Medical Wire Assemblies,Medical Alligator Clip Cable,Medical Cable Assembly,Medical Wire Harness,Medical Cable ETOP WIREHARNESS LIMITED , https://www.etopwireharness.com
The active and passive modules cooperate with each other to complete the safety design of the project. The following sections describe the common security policies.
RSA is an asymmetric encryption technology that, when used in conjunction with digital signature technology, can authenticate the legitimacy of related data.
The above picture is the content required to generate image using sdk14.1. If the key file needs to be generated, fill in the file name of the key file in the key file line, select the storage medium in the key store, and fill in the device name selected in the project. Xc7z020, if you fill in the error here will affect the impact programming.
The key to AES encryption is the protection of the key.
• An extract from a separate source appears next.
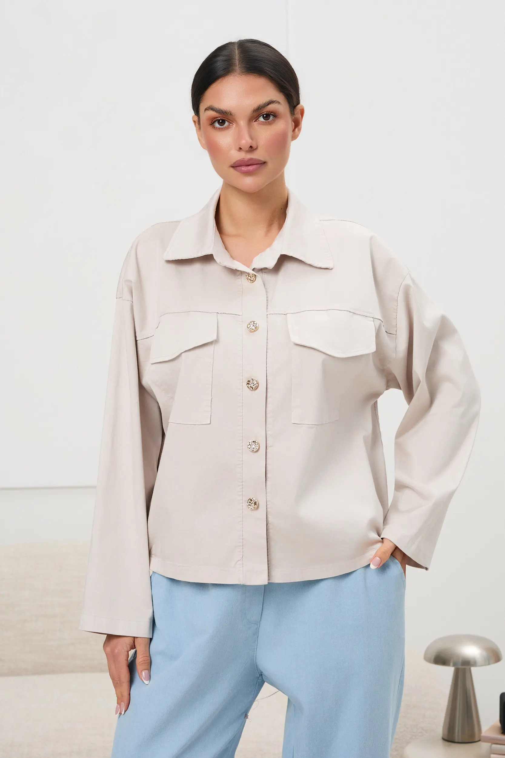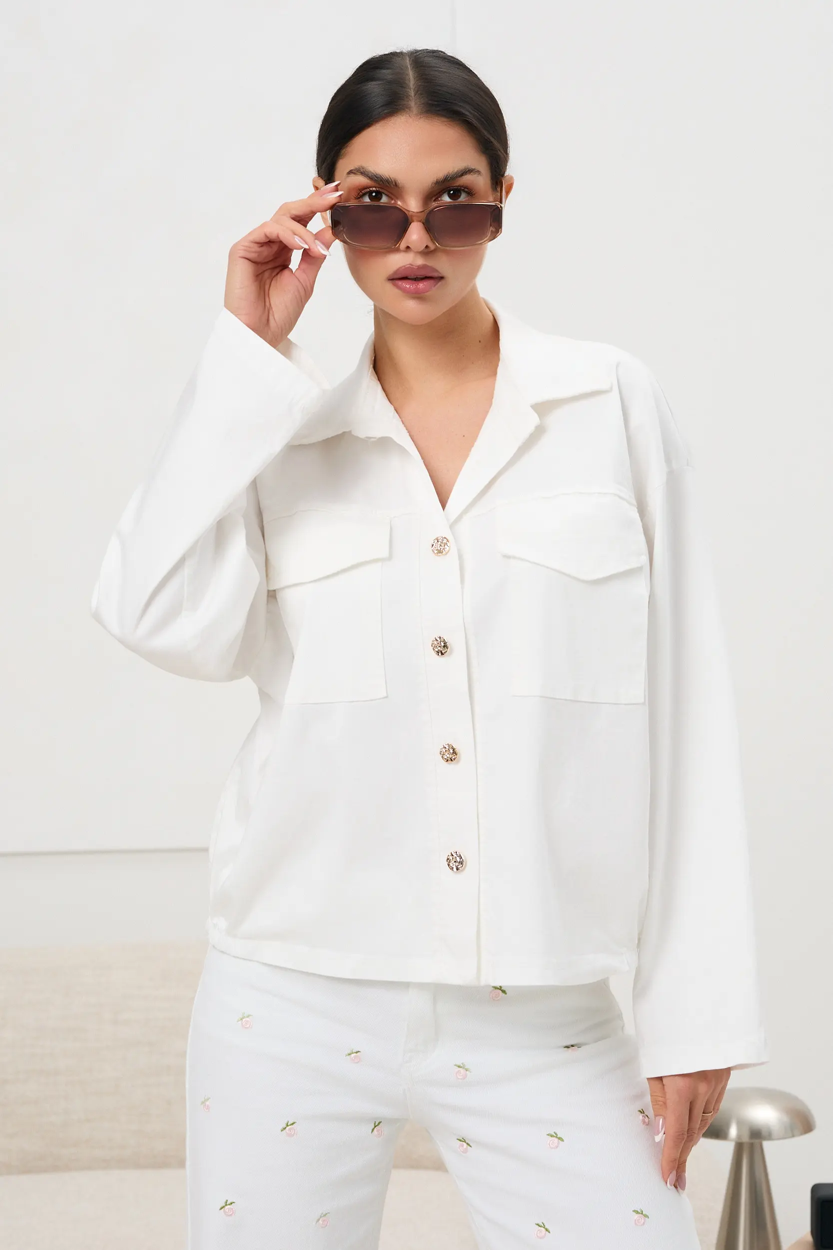 Koszula o swobodnym, lekko oversize’owym kroju. Model posiada klasyczny kołnierzyk oraz zapięcie na ozdobne guziki, które nadają jej subtelnego charakteru. Długie rękawy z obniżoną linią ramion podkreślają luźną formę, a dwie naszywane kieszenie z klapami na wysokości biustu dodają funkcjonalności. Gładka, miękko układająca się tkanina oraz proste wykończenie dołu sprawiają, że koszula prezentuje się stylowo i nowocześnie.

ZYNQ provides two kinds of security methods. BBRAM and eFUSE, BBRAM is more secure, but the maintenance is slightly complicated. The efuse fuse storage method may be physically cracked, but this also requires a considerable technical background. And special equipment is available. Therefore, considering various factors, choose EFUSE mode to save the AES key file.
At the same time, because the JTAG port has certain security risks, it may be called by the person who is proficient in the device and related background knowledge to read the KEY file, so the JTAG port is permanently closed after the product is finalized.